Publié par : hirofarepote | juillet 15, 2012

Pour une économie bleue polynésienne

Je lisais ce matin que le soleil ne se couche jamais en France….grâce à ses outre-mers.

Grâce à ces mêmes outre-mers, la France possède la deuxième plus grande zone économique exclusive au monde (11. 035. 000 Km2).Et la Polynésie française, « propriétaire de sa ZEE », lui apporte près de la moitié de cette Z.E.E. (4.804.000 Km2).

On a coutume de dire que les polynésiens sont de vrais « océaniens », car, en l’absence d’arrière pays, ils étaient forcément orientés vers la mer. Ils ont su développer des activités traditionnelles sur leur domaine maritime de proximité : activités de « cueillette » et de pêche lagonaire, aquaculture empirique, perliculture, pêche côtière…

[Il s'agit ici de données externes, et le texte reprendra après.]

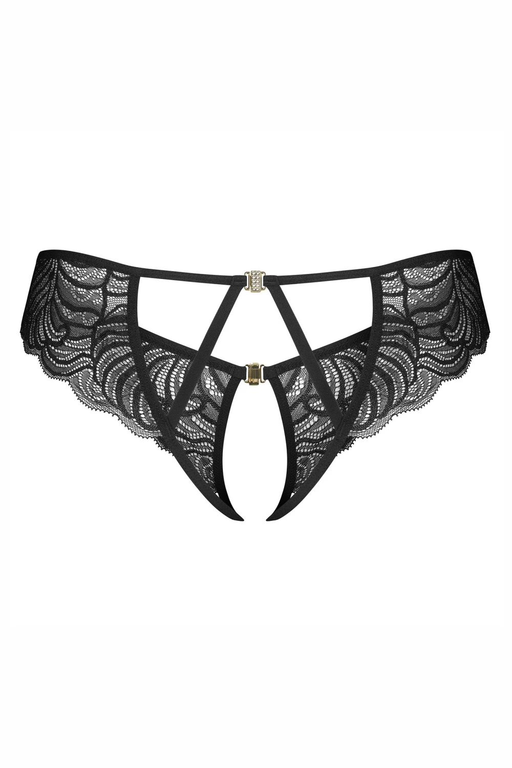 Стринги Divienne – это слияние кружева, которое подчеркивает женскую деликатность и смелый дизайн. Ремешки создают интригующую, геометрическую композицию на ягодицах. Центральный элемент золотого оттенка придает роскошный штрих и привлекает внимание. Элегантная и провокационная модель – именно такая, как вам нравится.

Depuis le début de la décennie 2000, une nouvelle stratégie visant à constituer une flottille de pêche semi industrielle a été mise en oeuvre et a connu un échec relatif. Face aux nations de pêche distantes telles que la Corée du sud, le Japon, Taiwan, la Chine et l’Espagne, la petite taille des unités, l’individualisme des entreprises de pêche, l’absence d’organisation collective de la flottille et la difficulté de constituer des équipages volontaires pour des campagnes de pêche de plusieurs semaines ne permettent pas aux polynésiens d’exploiter les ressources en poissons dont dispose encore le Pacifique sud et de les exporter en quantité significative pour satisfaire une demande internationale en expansion.

C’est le lot, d’ailleurs, de toutes les pêcheries des pays insulaires qui observent, démunies, le début de surpêche occasionné par des flottilles qui ont épuisé les ressources d’autres mers du globe. Les organisations techniques régionales qui essayent, tant bien que mal, de réguler l’accès à ces ressources et de la réserver en priorité aux pays riverains, ne peuvent que constater cette réalité. La puissance des flottes dépend étroitement des capitaux engagés combinés au faible coût de la main d’oeuvre et les petits pays insulaires ne peuvent, bien sûr, pas rivaliser avec ces nations de pêche distante qui écument les zones de pêche encore abondantes…

Malgré cet échec relatif, nous avons quand même gagné l’autosuffisance en matière de consommation de thons, confortant ainsi une partie de notre régime alimentaire traditionnel. Reste, cependant, à faire de cette consommation une vraie consommation populaire par une baisse des prix encore trop élevés du fait de la constitution d’oligopoles locaux qui maitrisent les prix sur cette filière tout en bénéficiant d’avantages fiscaux importants ( prix préférentiels pour leur carburant notamment). Les gains de productivité , l’accroissement constant des quantités pêchées et une politique de marges raisonnables de l’oligopole des mareyeurs peuvent largement permettre une plus grande « démocratisation » de cette consommation locale.

En parallèle, dans le marasme économique actuel, la pêche polynésienne exporte de plus en plus, même si les volumes exportés sont loin des objectifs de départ et retrouvent à peine les niveaux du début de la décennie 2000.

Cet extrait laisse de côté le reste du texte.